Teacher Jana Dunlap works with Grace Marder, 4, to come up with adjectives to describe a leaf the child found on a nature walk outside the Early Childhood Center in Muskogee, Oklahoma. Photo: Lillian Mongeau. Photo: The Hechinger Report
Teacher Jana Dunlap works with Grace Marder, 4, to come up with adjectives to describe a leaf the child found on a nature walk outside the Early Childhood Center in Muskogee, Oklahoma. Photo: Lillian Mongeau, The Hechinger Report

 

“Oklahomans have embraced free, universal early education — and it’s working,” the title of a story from the Hechinger Report declares. (Hechinger is an independent, nonprofit, education news outlet.)

Posted on PBS NewsHour’s website, the story focuses on Clinton, Okla.

“One of the biggest employers in this hardscrabble working class town in western Oklahoma is the Bar-S Foods Company meat packing plant, where many of the city’s 9,500 residents work. Clinton also boasts a Route 66 Museum, a somewhat epic indoor waterpark, and free universal preschool for every 4-year-old in town.

“Ninety-one percent of the town’s 170 4-year-olds enroll in a public program annually, said Tyler Bridges, the assistant school superintendent.
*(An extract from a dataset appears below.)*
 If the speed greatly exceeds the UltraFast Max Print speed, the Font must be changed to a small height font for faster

About 140 attend the state-supported district preschool while another 15 or so attend the local Cheyenne-Arapahoe Head Start program.”

Clinton is one example of a statewide effort.
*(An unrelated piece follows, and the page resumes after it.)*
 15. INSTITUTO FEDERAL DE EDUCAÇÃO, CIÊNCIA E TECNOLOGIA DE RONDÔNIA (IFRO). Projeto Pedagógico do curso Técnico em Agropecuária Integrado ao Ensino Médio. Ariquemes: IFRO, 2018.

“Since 1998, Oklahoma has had fully funded preschool for every child, regardless of family income. As long as a child is 4 by Sept. 1, he or she is qualified to attend school for a year prior to entering kindergarten. Seventy-six percent of the state’s 4-year-olds were enrolled in 2014, a total of 40,823 children and one of the country’s highest enrollment percentages, according to the latest annual State of Preschool report by the National Institute for Early Education Research.”

The return on this investment has been substantial.
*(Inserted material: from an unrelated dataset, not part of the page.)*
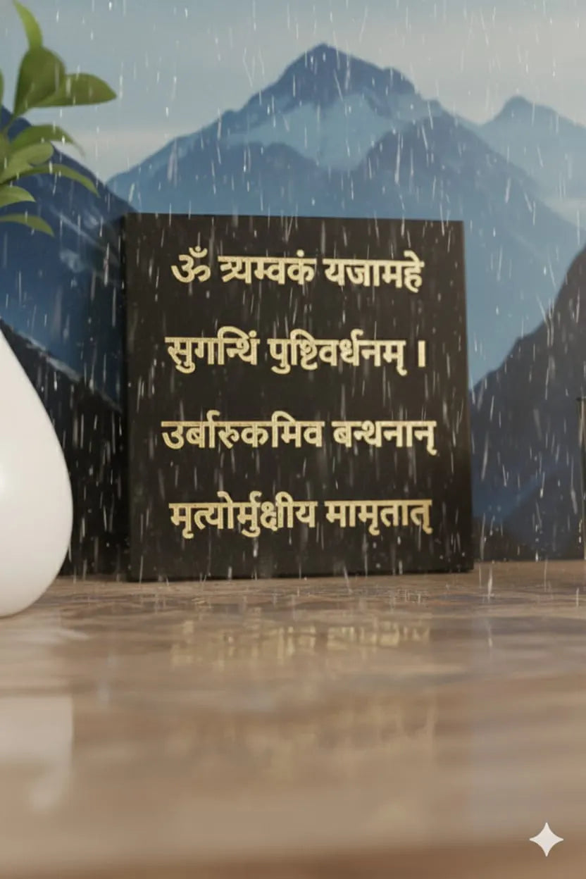 Mantra: Mahamrityunjay Mantra engraved (Sanskrit)

“Investing in preschool at the same level as K-12 has paid off here. Oklahoma was one of only 13 states to see significant growth on fourth grade reading scores this year as measured by the National Assessment of Educational Progress. Oklahoma was the fourth most-improved state in that category.”

In this PBS NewsHour story, Cat Wise, a special correspondent, reports that Oklahoma’s universal preschool is “a costly government program in one of the reddest of red states, but it appears both Democrats and Republicans believe it’s working.”

Wise adds: “Across the country, 44 states pay for some version of pre-K classes, but only four states and the district of Columbia offer universal preschool. The fact that all residents, not just families with low income, can enroll here could be why the program receives wide political support in a conservative state like Oklahoma.”